Increasingly Treaty of Waitangi settlements are including a requirement to enter into co-governance arrangements. The Ngāti Hinerangi Claims Settlement Bill, which had its first reading in parliament on 19th September, is one such settlement. The Bill announces the intention to introduce a co-governance arrangement over the upper part of the Waihou and Piako river catchments areas.
The details are not available in the Bill, but co-governance commonly means that there are equal numbers of iwi representatives and council members involved. Therefore, power is shared equally between iwi representatives and the remaining approximately 84% of New Zealanders. How democratic is that? Additionally, they also often fall outside the usual democratic safeguards. Take for example the Waikato River Authority. According to a report released in 2016 by the Office of the Auditor-General.
“The Authority is a unique public entity. It is not subject to the Official Information Act 1982 or the Local Government Official Information and Meetings Act 1987. Trustees do not have to make minutes of their meetings public or publicise where meetings are held, and can hold meetings behind closed doors.”
Relationship Agreements - a further manifestation of the ‘partnership principle’

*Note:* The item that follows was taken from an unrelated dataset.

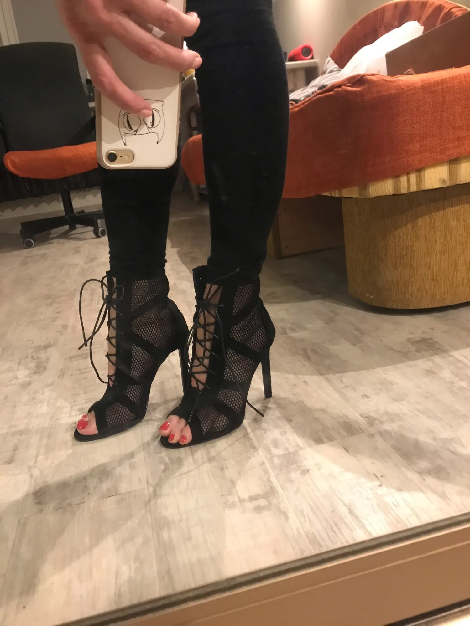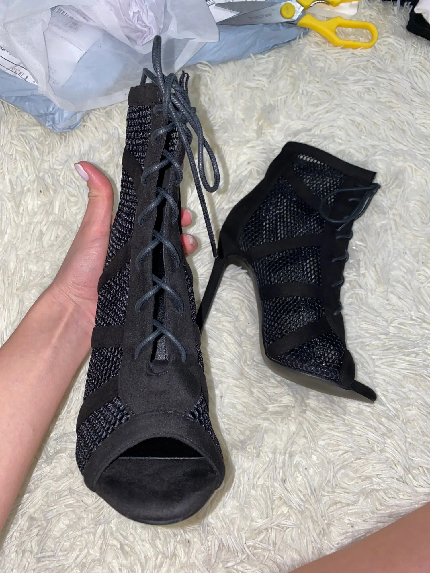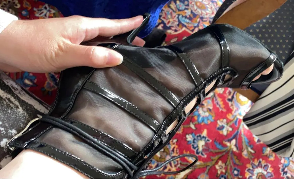 От упаковки очень сильный резкий неприятный запах, а сами туфли классные, каблук высокий очень, но стопа закреплена хорошо, пришли за 2,5 недели

The Deed of Settlement also provides for Ngāti Hinerangi to enter into relationship agreements with the Department of Conservation and Ministry for the Environment. The relationship agreements will outline how these agencies will engage with the Ngāti Hinerangi governance entity. Additionally, the summary of the Deed of Settlement also states that a relationship agreement with the New Zealand Transport Agency will be developed outside of the Treaty settlement. This will outline how NZTA will interact with the Ngāti Hinerangi governance entity.
Relationship Agreements are high-level documents that formally acknowledge and identify the scope and extent of understandings and/or working relationships between a local body or a government entity and a specific tangata whenua group. They provide an opportunity for Māori to contribute to the decision-making processes.